Наверное, кто-то кому-то рассказывал, а я – уловила. О том, какой он был веселый, компанейский, как любил дружеские застолья и как прекрасно пел. Во время этих воспоминаний обязательно передавалась по рукам Сашкина фотография. Действительно веселый, дурашливый парень с густым чубом на лбу обязательно корчил в объектив какую-нибудь нелепую рожу: то глаза выпучит, то кулак перед носом покрутит, то топор над чьей-нибудь головой занесет. Шутливо так, не по-настоящему, понарошку. А топор, между тем, самый что ни на есть настоящий. Специально для съемок предназначенный – приволок кто-то из дому сюда, в этот красивый, зеленый сквер, где цвели мальвы и били фонтаны, и где на фоне этих фонтанов производили свою роковую фотосессию пятеро друзей.

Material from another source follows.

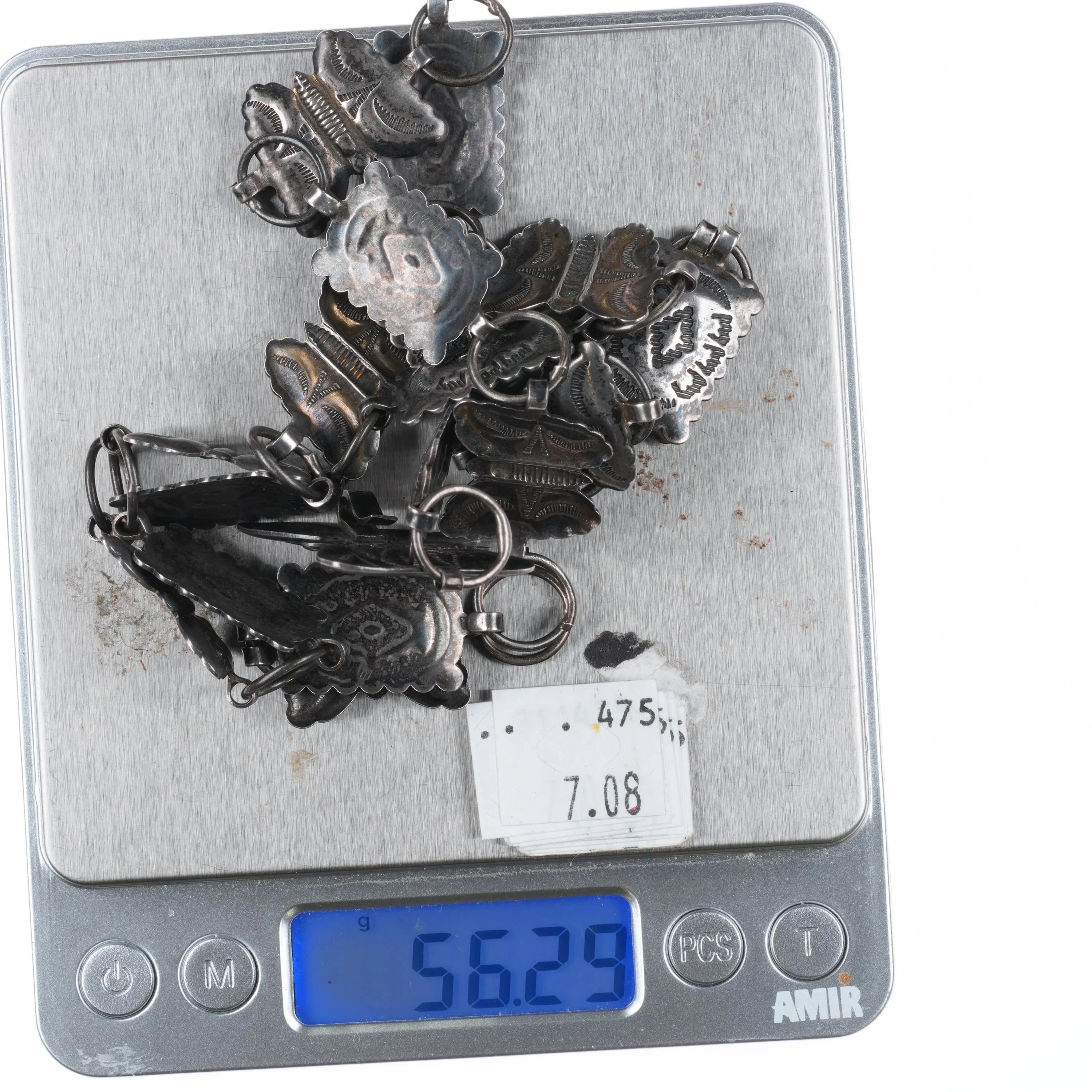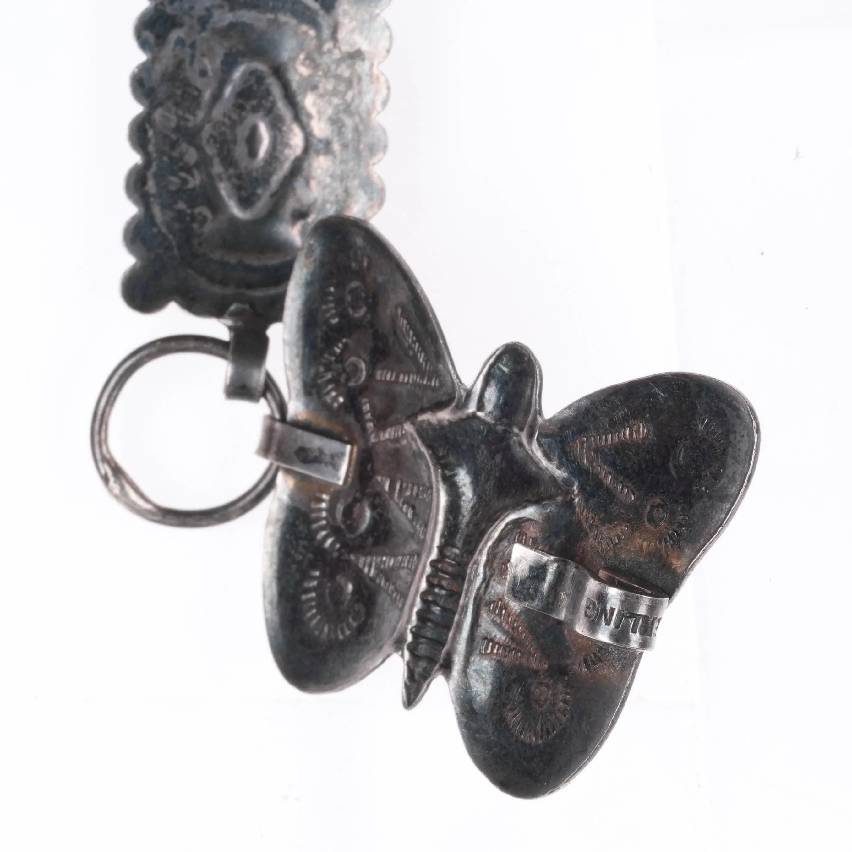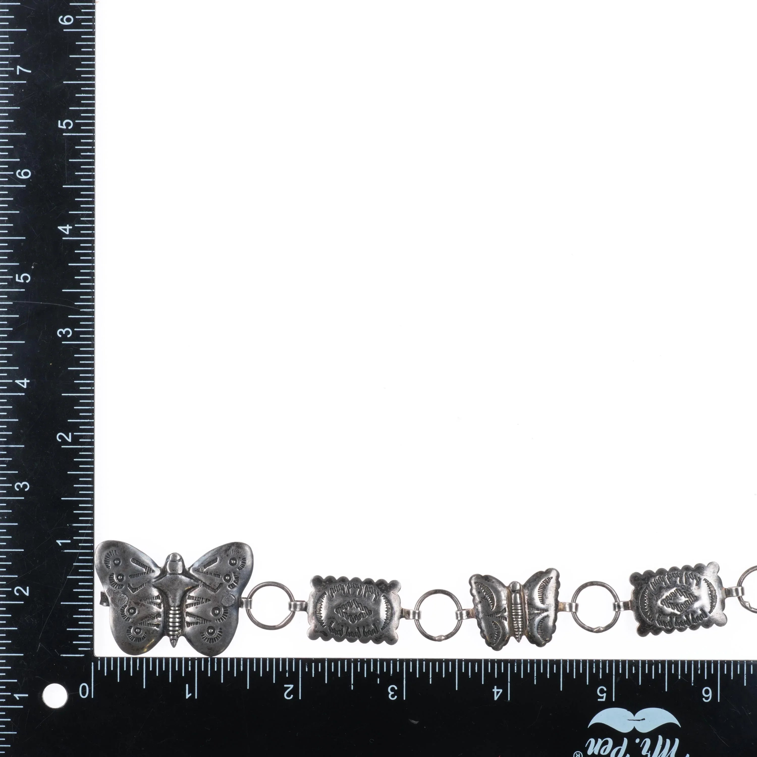 Vintage Fred Harvey Era Sterling silver butterfly stamped concho belt. Tested and guaranteed solid sterling silver with weight and measurements in pictures. Fully functional, 30" long but could be worn shorter and hooked anywhere. Also could be worn as a necklace.. All items will likely have some expected wear, the older they are the more wear they should have. Circa mid 20th century, stamped sterling with no other detectable markings.

Было такое развлечение в те годы – строить статичные фигуры из живых человеческих тел. Трое внизу, двое – у них на плечах, последний – самый верхний – на плечах у предыдущих двоих. Красиво? Да. Похоже на сталинскую высотку. Или – по-другому: взялись за руки, веселые, белозубо-улыбчатые, в национальных костюмах, а в центре, над головами, герб Советского Союза. И все смотрят на него с вожделением. Красиво? Да. Всеобщая радость по поводу принятия новой Конституции. Или - вот ещё: пятеро внизу, трое – у них на плечах, двое – на плечах у троих, последний – на плечах у предыдущих двоих. Круговые движения руками, четкость, собранность, оптимизм – изображает пропеллер самолета. Красиво? Да. Похоже на штурмовик-бомбардировщик СУ-2.
И так далее.
Эти пятеро, что на фото, тоже строили что-то своё. Возможно, то, что их, шестнадцатилетних, тогда особенно волновало. Инсталляция драки, смертельно опасного уличного боя, необратимых физических увечий, из которых можно было выйти играючи – достаточно одного щелчка новенького Сашкиного «фэда». Игра со смертью – здесь, среди толп гуляющего и радостного люда, среди бурлящих фонтанов и цветущих клумб, среди лотков с мороженным и ситро, под сенью раскидистых каштанов и голубого-преголубого, какое бывает только в середине мая, высокого неба – делала ее совсем не страшной, как будто бы даже обратимой, обесценивала то ужасное и малопонятное, к чему раньше и приблизиться боялся, от чего убегал, сломя голову. Оно, это  пугающее «нечто», вдруг становилось близким и не опасным, с чем можно было взаимодействовать по-свойски, запанибрата.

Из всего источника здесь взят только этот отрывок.